La jefatura de policía , por boca del comisario de división Pierre Brézillon , nos ha asegurado que las cuatro misteriosas muertes ocurridas esta semana en París eran la obra de un asesino en serie. Las víctimas habrían encontrado la muerte por estrangulamiento y el comisario principal Jean-Baptiste Adamsberg, encargado de la investigación, ha mostrado a la prensa las fotos más convincentes de esas marcas de asfixia.

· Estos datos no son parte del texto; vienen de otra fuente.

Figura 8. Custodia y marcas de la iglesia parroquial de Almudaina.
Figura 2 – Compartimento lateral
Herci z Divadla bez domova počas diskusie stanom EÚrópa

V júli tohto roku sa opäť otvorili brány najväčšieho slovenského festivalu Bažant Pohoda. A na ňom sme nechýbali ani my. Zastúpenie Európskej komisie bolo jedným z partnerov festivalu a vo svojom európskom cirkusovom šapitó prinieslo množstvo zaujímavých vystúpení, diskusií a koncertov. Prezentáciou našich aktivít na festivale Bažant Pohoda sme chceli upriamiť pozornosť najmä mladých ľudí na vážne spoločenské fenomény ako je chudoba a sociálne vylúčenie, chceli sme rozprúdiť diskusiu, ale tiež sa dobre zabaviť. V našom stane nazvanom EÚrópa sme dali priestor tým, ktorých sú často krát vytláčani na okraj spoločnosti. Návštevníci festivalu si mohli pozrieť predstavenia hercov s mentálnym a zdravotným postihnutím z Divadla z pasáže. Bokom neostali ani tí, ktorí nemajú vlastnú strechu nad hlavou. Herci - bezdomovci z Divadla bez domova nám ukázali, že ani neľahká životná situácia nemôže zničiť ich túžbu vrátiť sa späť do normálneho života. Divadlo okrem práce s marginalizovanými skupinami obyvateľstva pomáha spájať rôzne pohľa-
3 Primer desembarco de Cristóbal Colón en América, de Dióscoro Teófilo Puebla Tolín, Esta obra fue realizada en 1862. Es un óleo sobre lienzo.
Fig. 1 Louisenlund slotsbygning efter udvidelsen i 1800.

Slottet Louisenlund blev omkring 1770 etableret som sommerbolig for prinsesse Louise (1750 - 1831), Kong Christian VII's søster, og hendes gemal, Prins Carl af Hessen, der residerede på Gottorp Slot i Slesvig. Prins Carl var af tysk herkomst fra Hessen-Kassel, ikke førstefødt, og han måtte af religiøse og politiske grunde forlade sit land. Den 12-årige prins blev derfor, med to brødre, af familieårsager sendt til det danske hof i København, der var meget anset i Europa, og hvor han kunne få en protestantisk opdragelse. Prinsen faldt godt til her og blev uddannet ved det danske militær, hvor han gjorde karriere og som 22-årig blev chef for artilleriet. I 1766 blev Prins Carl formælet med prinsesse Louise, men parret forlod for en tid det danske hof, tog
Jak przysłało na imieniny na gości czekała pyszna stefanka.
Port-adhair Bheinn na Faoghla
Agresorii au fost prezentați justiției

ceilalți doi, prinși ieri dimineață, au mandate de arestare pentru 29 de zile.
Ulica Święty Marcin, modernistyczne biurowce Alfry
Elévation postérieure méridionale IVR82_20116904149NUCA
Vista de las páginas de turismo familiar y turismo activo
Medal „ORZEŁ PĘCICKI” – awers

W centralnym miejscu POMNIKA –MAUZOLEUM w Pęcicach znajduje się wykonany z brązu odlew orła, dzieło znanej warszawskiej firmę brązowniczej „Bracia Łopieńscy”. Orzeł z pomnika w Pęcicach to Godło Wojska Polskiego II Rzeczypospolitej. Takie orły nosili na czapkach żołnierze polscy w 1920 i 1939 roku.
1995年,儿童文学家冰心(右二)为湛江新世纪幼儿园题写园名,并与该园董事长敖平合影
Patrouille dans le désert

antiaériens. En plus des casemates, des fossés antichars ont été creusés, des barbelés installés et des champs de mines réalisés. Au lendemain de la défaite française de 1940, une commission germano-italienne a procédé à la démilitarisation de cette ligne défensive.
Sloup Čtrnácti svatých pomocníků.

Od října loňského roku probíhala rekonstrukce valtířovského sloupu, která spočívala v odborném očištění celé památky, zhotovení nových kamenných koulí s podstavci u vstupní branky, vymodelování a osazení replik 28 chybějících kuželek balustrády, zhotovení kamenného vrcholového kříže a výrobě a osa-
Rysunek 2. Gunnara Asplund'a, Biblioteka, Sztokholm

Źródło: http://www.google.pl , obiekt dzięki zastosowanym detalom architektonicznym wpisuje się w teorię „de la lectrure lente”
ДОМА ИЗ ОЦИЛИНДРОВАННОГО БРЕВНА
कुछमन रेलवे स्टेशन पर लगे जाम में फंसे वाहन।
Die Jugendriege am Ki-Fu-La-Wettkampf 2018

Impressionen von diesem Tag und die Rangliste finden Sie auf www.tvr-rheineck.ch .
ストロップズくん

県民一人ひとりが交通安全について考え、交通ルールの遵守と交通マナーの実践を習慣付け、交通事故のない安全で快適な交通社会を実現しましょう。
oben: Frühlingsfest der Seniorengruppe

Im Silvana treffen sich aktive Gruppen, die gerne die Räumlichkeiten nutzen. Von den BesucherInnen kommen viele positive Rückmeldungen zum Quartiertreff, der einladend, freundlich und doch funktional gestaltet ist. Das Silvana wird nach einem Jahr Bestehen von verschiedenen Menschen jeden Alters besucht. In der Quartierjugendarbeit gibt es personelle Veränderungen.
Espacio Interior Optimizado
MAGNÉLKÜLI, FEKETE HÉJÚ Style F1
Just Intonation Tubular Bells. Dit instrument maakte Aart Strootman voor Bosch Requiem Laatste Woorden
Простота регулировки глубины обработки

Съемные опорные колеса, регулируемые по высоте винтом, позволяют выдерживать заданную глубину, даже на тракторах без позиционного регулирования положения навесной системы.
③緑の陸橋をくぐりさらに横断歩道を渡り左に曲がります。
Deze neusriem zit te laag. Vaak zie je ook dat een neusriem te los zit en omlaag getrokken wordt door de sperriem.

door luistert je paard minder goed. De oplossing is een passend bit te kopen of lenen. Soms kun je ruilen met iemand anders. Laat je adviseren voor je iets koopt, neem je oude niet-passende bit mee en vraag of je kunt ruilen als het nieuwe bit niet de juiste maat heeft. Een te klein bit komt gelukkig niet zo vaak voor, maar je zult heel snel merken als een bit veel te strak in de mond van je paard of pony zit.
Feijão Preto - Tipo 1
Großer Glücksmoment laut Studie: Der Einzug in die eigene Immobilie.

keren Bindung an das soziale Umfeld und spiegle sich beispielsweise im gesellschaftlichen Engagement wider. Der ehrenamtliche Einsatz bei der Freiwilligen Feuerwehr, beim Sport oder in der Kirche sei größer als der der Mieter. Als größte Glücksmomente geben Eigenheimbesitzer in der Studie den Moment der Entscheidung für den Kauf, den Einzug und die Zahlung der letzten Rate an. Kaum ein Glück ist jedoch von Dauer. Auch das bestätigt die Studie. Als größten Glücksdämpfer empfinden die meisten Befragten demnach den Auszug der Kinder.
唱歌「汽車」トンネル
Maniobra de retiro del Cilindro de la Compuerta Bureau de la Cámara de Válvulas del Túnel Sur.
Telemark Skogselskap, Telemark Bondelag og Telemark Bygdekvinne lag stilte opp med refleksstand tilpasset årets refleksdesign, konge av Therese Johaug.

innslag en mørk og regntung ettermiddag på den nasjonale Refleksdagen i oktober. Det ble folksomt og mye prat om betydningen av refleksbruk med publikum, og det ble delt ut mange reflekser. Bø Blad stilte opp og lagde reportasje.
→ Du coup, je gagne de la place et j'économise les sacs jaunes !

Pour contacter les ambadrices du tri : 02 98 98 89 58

Pero nadie ignora hoy en día que esas muertes son paralelamente atribuidas, por un informador anónimo, a una epidemia incipiente de peste negra, esa terrible plaga que asoló antaño el mundo.

Frente a tal alternativa, permítannos arrojar la duda sobre la impecable demostración de nuestros servicios de policía retrocediendo ochenta años en el tiempo. París ha borrado de su memoria la historia de la última peste. Sin embargo, la última epidemia que golpeó la capital no se remonta más que a 1920. La tercera pandemia de la peste salió de China en 1894, causando la muerte de doce millones de personas, y afectó a Europa occidental a través de todos sus puertos, Lisboa, Oporto, Hamburgo, Barcelona… y París, por medio de una chalana proveniente de El Havre que vació sus bodegas sobre los muelles de Levallois. Como en el resto de Europa, la enfermedad duró afortunadamente poco tiempo y se extinguió en pocos años. Afectó sin embargo a noventa y seis personas, principalmente en los barrios norte y este, de entre los traperos que vivían en barracas insalubres. El contagio se deslizó incluso intramuros, causando una veintena de víctimas en el corazón de la ciudad.